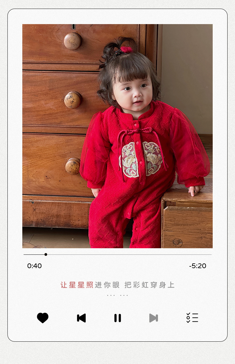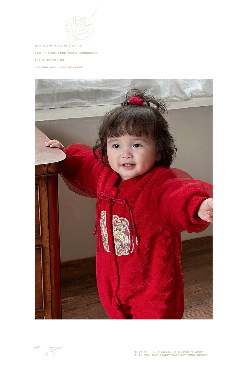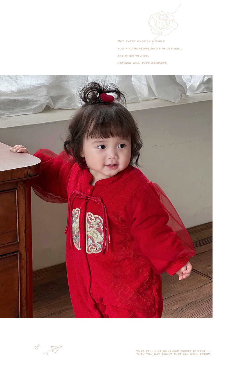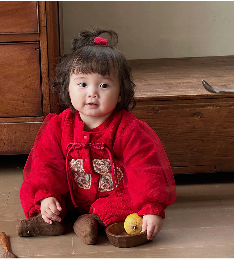 Ropa de bebé de una pieza de otoño e invierno más chaqueta de algodón con clip de terciopelo 0-2 años, luna llena, cien días, mameluco, ropa de Año Nuevo, ropa de fin de año 3
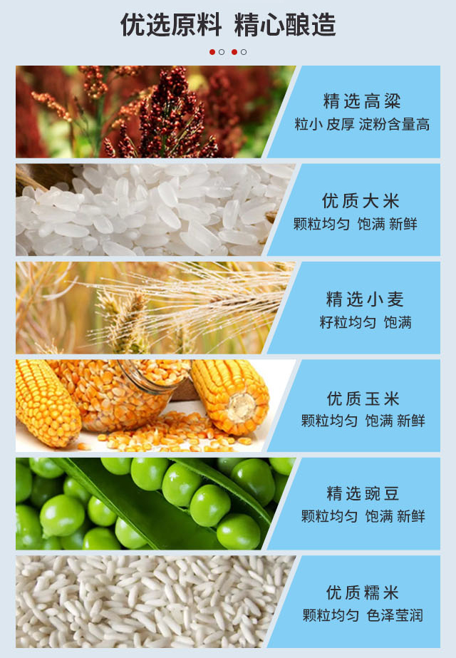 原料:高粱、大米、玉米、小麥、糯米、豌豆等
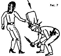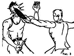 Как вариант защиты от ударов палкой или оружием сверху (сбоку) на (Рис. 3) показан ответный удар в грудь, лицо, зажатым в руке камнем, обломком железа, дерева и т. д.
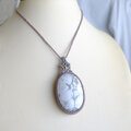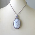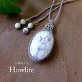 穏やかなホワイトカラーにシルバーグレーカラーのまだら模様が、まるでアートの様なブラジル産ハウライトの大粒サイズのマクラメ編みペンダントネックレスです。
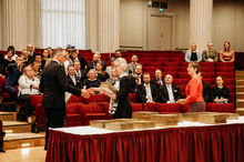 Walter Ehrströmin säätiön hallitus myönsi väistyvälle puheenjohtajalle Jaana Husu-Kalliolle (keskellä) kultaisen ansiomitalin 4.11.2024. Kuvassa vasemmalta asiamies Virpi Piirainen sekä hallituksen jäsenet Suvi Taponen, Johanes Ijas, Hanna Laitinen, Johanna Björkroth, Riikka Åberg, Mats Nylund ja Marjukka Mattio.
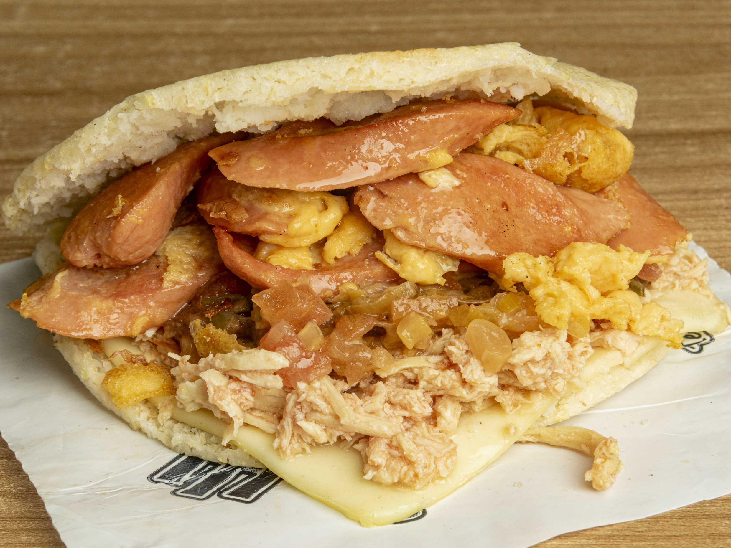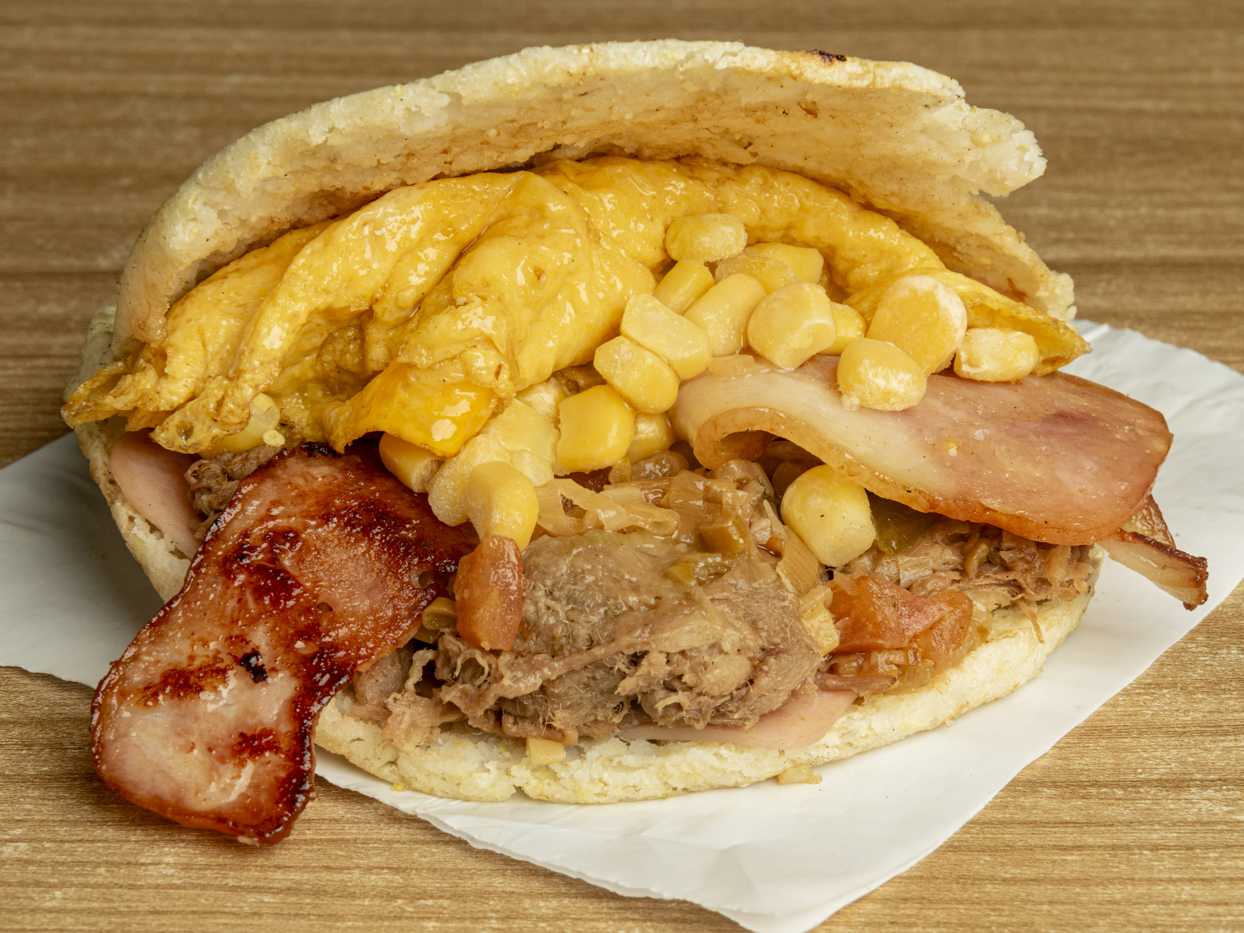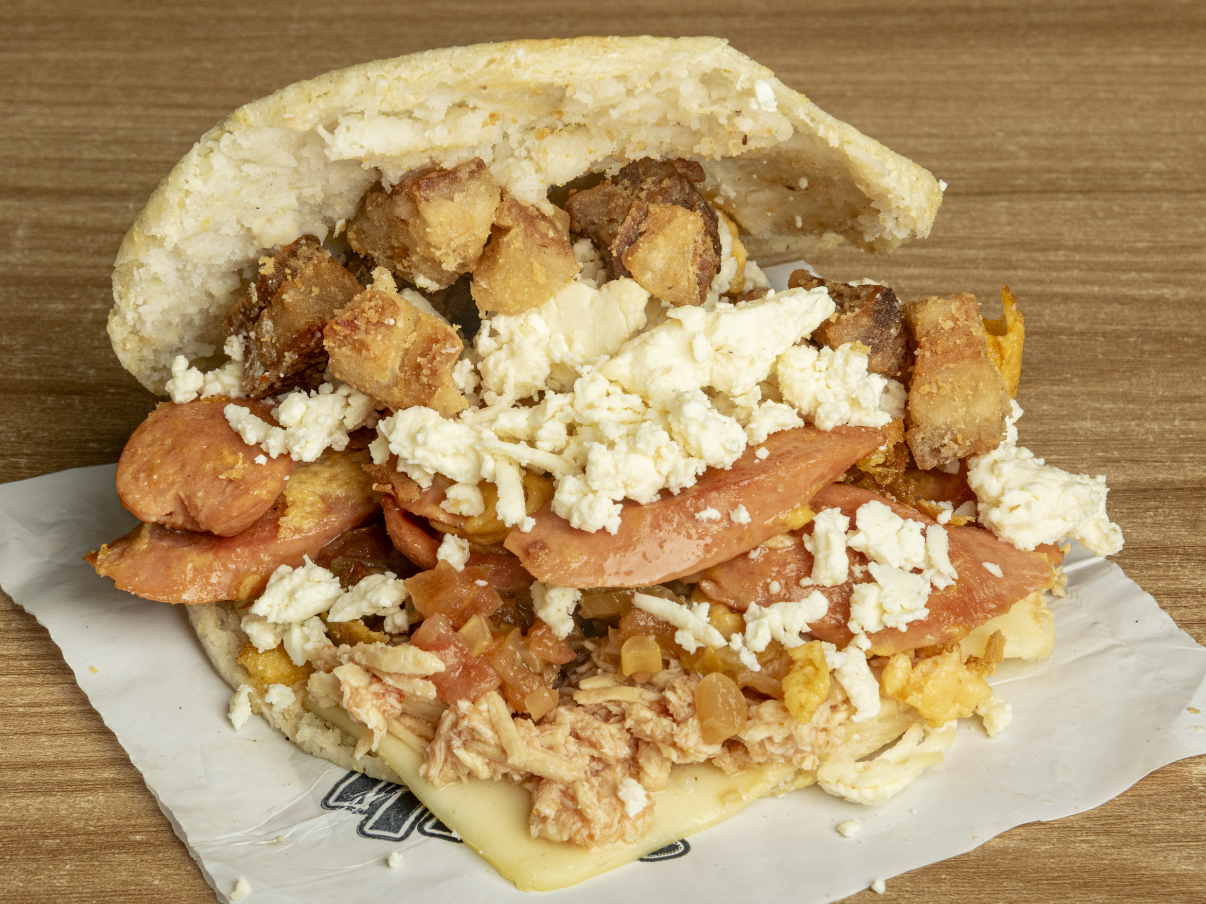Arepa tostada con queso, carne desmechada, pollo desmechado, chicharrón, jamón y extra queso.
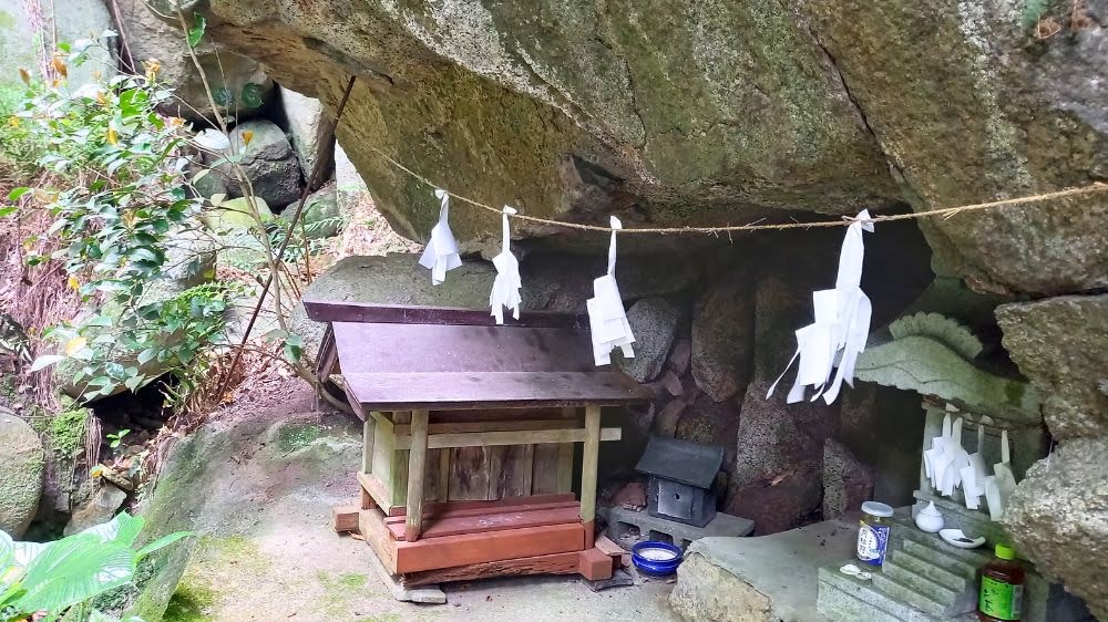 この岩が御神体(神様がやどる場所)で、海上安全の神様である磐長姫命(いわながひめのみこと)が祀られています。
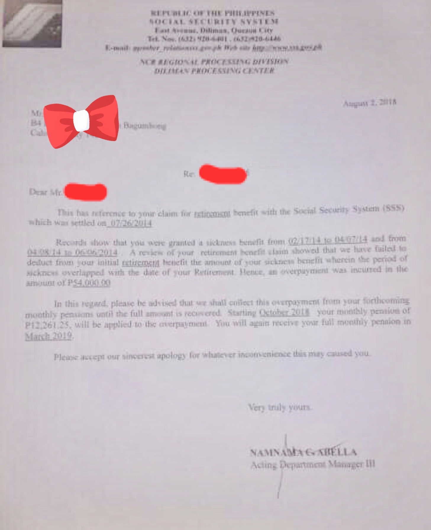 Many problems came to me this past few months. Then another bad news came. The retirement pension of my father was stopped from August 2018 to March 2019 because according to the Social Security System, they were overpaid for my father’s sickness benefits last 2014 that is why they have to deduct it from his monthly pension.
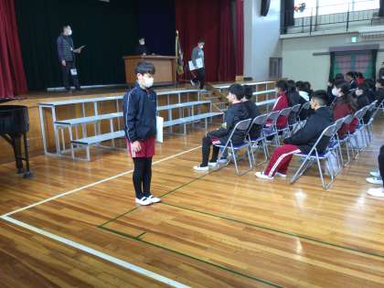 体育館で卒業証書授与の練習をしました。

--*--

#### What is being asked
Return all the data exactly, pictures omitted.

#### Output below
 Ropa de bebé de una pieza de otoño e invierno más chaqueta de algodón con clip de terciopelo 0-2 años, luna llena, cien días, mameluco, ropa de Año Nuevo, ropa de fin de año 3
 原料:高粱、大米、玉米、小麥、糯米、豌豆等
 Как вариант защиты от ударов палкой или оружием сверху (сбоку) на (Рис. 3) показан ответный удар в грудь, лицо, зажатым в руке камнем, обломком железа, дерева и т. д.
 穏やかなホワイトカラーにシルバーグレーカラーのまだら模様が、まるでアートの様なブラジル産ハウライトの大粒サイズのマクラメ編みペンダントネックレスです。
 Walter Ehrströmin säätiön hallitus myönsi väistyvälle puheenjohtajalle Jaana Husu-Kalliolle (keskellä) kultaisen ansiomitalin 4.11.2024. Kuvassa vasemmalta asiamies Virpi Piirainen sekä hallituksen jäsenet Suvi Taponen, Johanes Ijas, Hanna Laitinen, Johanna Björkroth, Riikka Åberg, Mats Nylund ja Marjukka Mattio.
Arepa tostada con queso, carne desmechada, pollo desmechado, chicharrón, jamón y extra queso.
 この岩が御神体(神様がやどる場所)で、海上安全の神様である磐長姫命(いわながひめのみこと)が祀られています。
 Many problems came to me this past few months. Then another bad news came. The retirement pension of my father was stopped from August 2018 to March 2019 because according to the Social Security System, they were overpaid for my father’s sickness benefits last 2014 that is why they have to deduct it from his monthly pension.
 体育館で卒業証書授与の練習をしました。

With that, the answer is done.